A Section 18 request has been approved by EPA for the use of Tenchu 20SG on up to 100,000 acres of Louisiana rice to control rice stink bugs. Click here to read about biology and management of rice stink bugs. This product will provide an alternative mode of action to the pyrethroids that are currently registered for use in Louisiana. The exemption expires October 31, 2012. The distributor in Louisiana is Mr. Michael Hensgens with G&H in Crowley. According to Mr. Hensgens, the suggested retail price is $24.30 lb at ½#per acre = $12.15/ac.

Rate and restrictions: Please contact your local County Agent for a copy of the Section 18 registration before using this product. Remember that the label is the law! The registered rate is from 7.5 to 10.5 oz of product per acre. A maximum of two applications can be made per acre per season. A seven day pre-harvest interval must be observed. Be aware that this product is toxic to honeybees – read the Section 18 registration for precautions to avoid bee injury.

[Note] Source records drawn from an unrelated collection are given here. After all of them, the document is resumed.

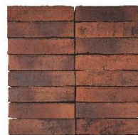
EW0466 Kobber LESS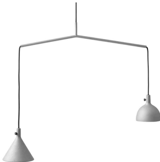
Aluminium / Bronzed Brass 1240009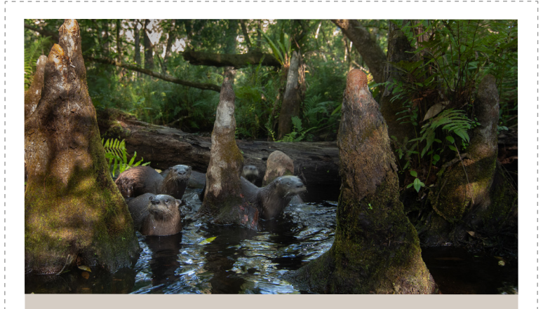
Otters hunt along submerged swamp trails in the Florida Panther National Wildlife Refuge.

Treatment threshold:We do not recommend treating until you exceed the recommended thresholds as described on the Section 18 label (the current label reads that you should follow the Texas guideline – this has been amended to reflect LSU AgCenter recommendations in pub 2270). To scout for rice stink bugs in the field, use a 15-inch diameter sweep net, take 10 sweeps at 10 different areas around each field. Count the number of bugs collected after every 10 sweeps and then treat if they exceed the threshold as described in LSU AgCenter Publication 2270. During the first two weeks of heading, treat when there are 30 or more stink bugs per 100 sweeps. From the dough stage until 2 weeks before harvest, treat fields when there are 100 stink bugs per 100 sweeps.

Before we consider applying for an emergency exemption next field season (should we feel it is warranted) we need to gather some specific data. We need your assistance gathering this information.

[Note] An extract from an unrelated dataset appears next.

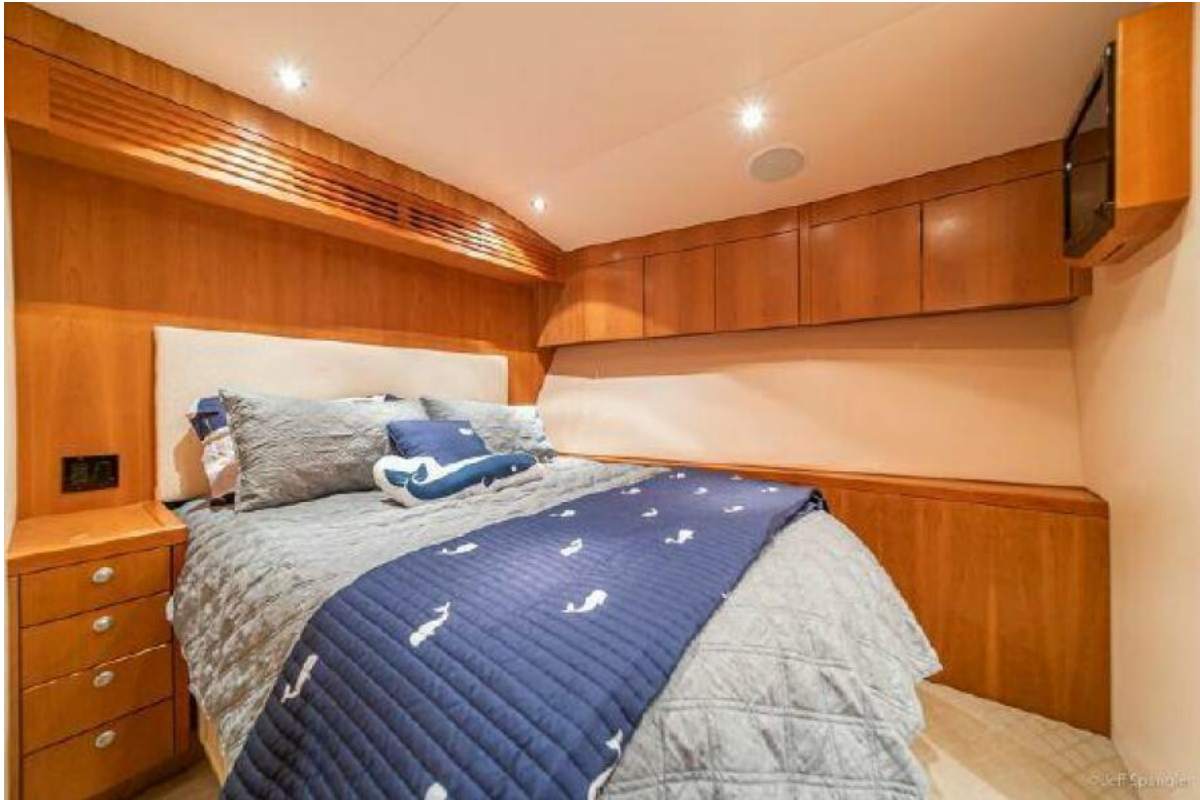
2008 77 Enclosed Bridge-"Desperado"-Guest Stateroom

1. Resistance. Please notify us if you believe that you have a stink bug population that is resistant to pyrethoids. We will gather insect samples to run laboratory bioassays to screen for insecticide resistance.

2. Efficacy. If you use Tenchu 20SG we would appreciate any data you gather on residual efficacy of the product. Data from Texas has indicated that it provides a longer window of activity than pyrethoids. This will potentially result in a reduction of the number of insecticide applications to a field in one season. We will be conducting efficacy trials in Louisiana to measure residual efficacy when compared to pyrethoids. If you’d like to participate in a field demo, please contact your local County Agent and they can work with me to make arrangements.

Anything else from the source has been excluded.